# Action-Methode soll Ausgabe auf der Responsepage steuern



## Andreas29 (12. Mrz 2008)

Hi Leute,

ich habe eine kurze Frage:
Kann ich in JSF irgendwie in einer Action-Methode steuern, was auf der Responsepage an Text ausgegeben wird? Sehr allgemein formuliert, ich weiß, daher ein paar mehr Details:
Ich habe mehrere action-Methoden, die unterschiedliche Tests ausführen. Im Moment habe ich für die Ergebnisausgabe eine statische Seite, die einfach aussagt, dass der Test erfolgreich war. Diese Seite würde ich jetzt gerne mit Infos anreichern, die mir die action-Methode des Tests liefern soll und das ganze, wenn es geht, schön sauber getrennt (sprich ich möchte nur ungern in der action-Methode direkt auf irgendwelche UI-Elemente zugreifen). Gibt es da eine Lösung?

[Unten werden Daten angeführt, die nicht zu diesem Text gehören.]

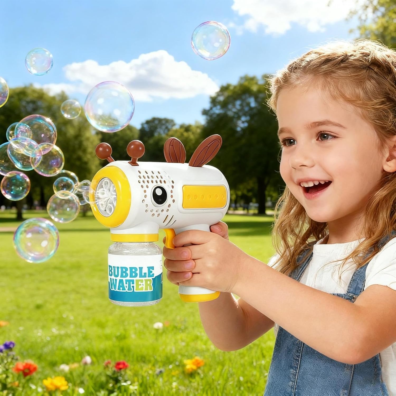 Caratteristica Luminosa: Questo gioco bolle integra vivaci luci built-in che aumentano l'appeal visivo, catturando le giovani menti con un'esperienza dinamica di emissione bolle mentre stimolano la loro curiosità verso luce e movimento durante coinvolgenti giochi serali in interni o esterni. Giocattolo Divertente e Sicuro: La macchina per bolle per bambini vanta un design sigillato e anti-perdita che previene macchie su mani e vestiti, mentre i bambini si divertono con le bolle durante il gioco all'aperto o le feste. Questo giocattolo assicura protezione grazie alla costruzione robusta, permettendo ore di divertimento senza interruzioni e mantenendo le mani e gli abiti puliti in ogni situazione di gioco. Costruito per durare: Caratterizzato da una struttura e bordi arrotondati, il bubble blower garantisce un utilizzo sicuro in interni ed esterni. L'attenzione catturante del design 'ape conquista l'attenzione, assicurando momenti di gioia ovunque i bambini decidano di giocare, grazie a una qualità durevole e a una maneggevolezza eccellente. Effetto Bolle Vivacissimo: Grazie alla tecnologia di spruzzo continuo elettrico, questa macchina per bolle crea una profusione di bolle dense che l'atmosfera durante le feste per bambini, i picnic o i festival, portando gioia ed eccitazione a tutti i partecipanti in contesti dinamici e gioiosi. Semplicità operativa: Grazie all'ugello rotante regolabile, questo dispositivo per bolle consente un utilizzo agevole con una sola mano, incontra varie richieste di impiego e dona maggiore godimento durante festività o sessioni di gioco quotidiane, attraverso un meccanismo user-friendly e di immediata comprensione
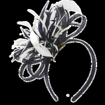 Sinamay loops with 2 tone feathers on head Colours: Black/White, Navy/White, Red/Black.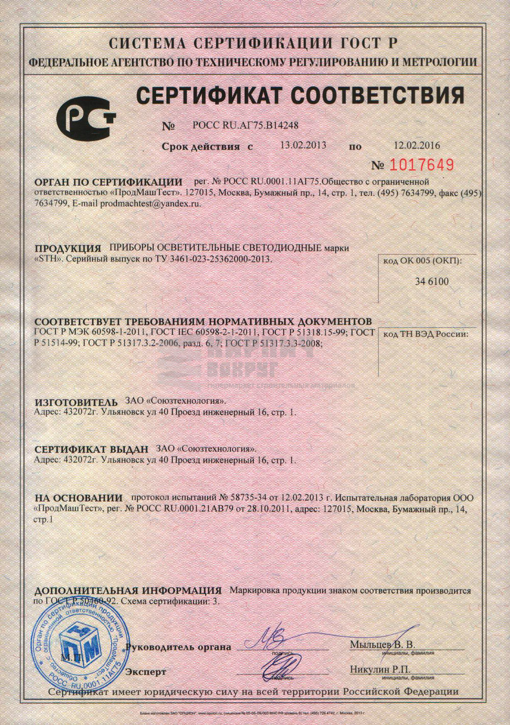 | Производитель | СОЮЗТЕХНОЛОГИЯ |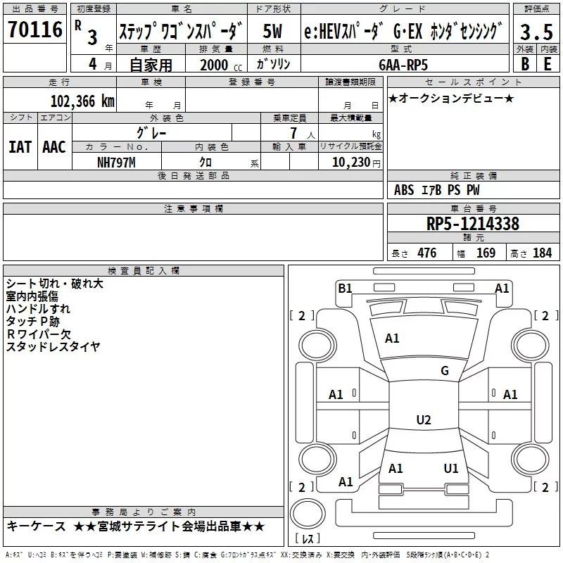 Honda STEP WAGON с аукциона Японии TAA Tohoku лот № 70116

Grüße und vielen Dank für jede Hilfe!
Andreas


----------



## schoeso (12. Mrz 2008)

Hi,

deine Action Methode führt Tests durch und erzeugt Ergebnisstrings. Diese Strings legst du z.B. in den Attributen einer Managed-Bean ab. Die GUI Elemente deiner Ergebnisseite bindest du an die getter Methoden der entsprechenden Attribte des Managed-Bean.

War es das?

Gruß

Arndt

www.schoenberg-schoenberg.de


----------



## Andreas29 (13. Mrz 2008)

Hi Arndt,

erstmal danke für Deine Antwort.
So in der Art habe ich mir das vorgestellt, ja. Was mir nur noch nicht ganz klar ist, ist die Tatsache, wie die Managed Bean dann in meine JSF Seite kommt. Ich meine, wenn ich jetzt in meiner Action-Methode eine neue Instanz meiner Bean-Klasse erzeuge und mit Werten fülle, werde ich die ja noch irgendwohin "packen" müssen, damit die Werte bei der GUI ankommen. Und dieses irgendwohin ist mein Problem.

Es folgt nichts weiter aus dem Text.